» Data provided
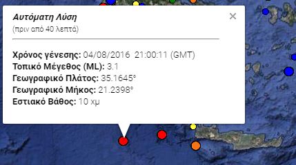 Ασθενής σεισμική δόνηση σημειώθηκε τα μεσάνυχτα στα ανοιχτά των Κυθήρων.
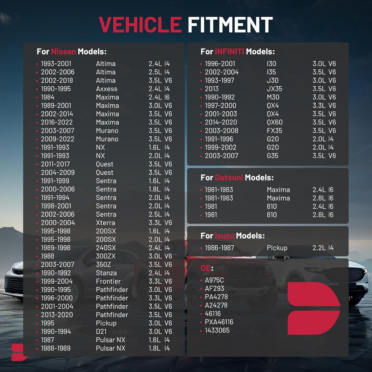【COMPATIBILITY】Compatible with Nissan 200SX 1995-1998, 240SX 1989-1998, 300ZX 1988, 350Z 2003-2007, Altima 1993-2018, Axxess 1990-1995, D21 1990-1994, Frontier 1999-2004, Maxima 1984 1989-2022, Murano 2003-2007 2009-2022, NX 1991-1993, Pathfinder 1990-2004 2013-2020, Pickup 1995, Pulsar NX 1987-1989, Quest 2004-2009 2011-2017, Sentra 1995-2006, Xterra 2000-2004.
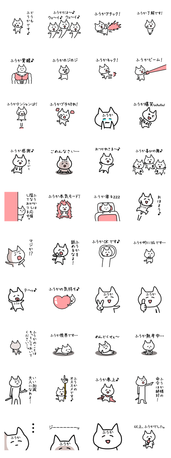 白ネコのあいうえお・・・ってるスタンプ

» Assignment
Exact output of each line above is wanted, without the pictures.

» Answer to this task
 Ασθενής σεισμική δόνηση σημειώθηκε τα μεσάνυχτα στα ανοιχτά των Κυθήρων.
【COMPATIBILITY】Compatible with Nissan 200SX 1995-1998, 240SX 1989-1998, 300ZX 1988, 350Z 2003-2007, Altima 1993-2018, Axxess 1990-1995, D21 1990-1994, Frontier 1999-2004, Maxima 1984 1989-2022, Murano 2003-2007 2009-2022, NX 1991-1993, Pathfinder 1990-2004 2013-2020, Pickup 1995, Pulsar NX 1987-1989, Quest 2004-2009 2011-2017, Sentra 1995-2006, Xterra 2000-2004.
 白ネコのあいうえお・・・ってるスタンプ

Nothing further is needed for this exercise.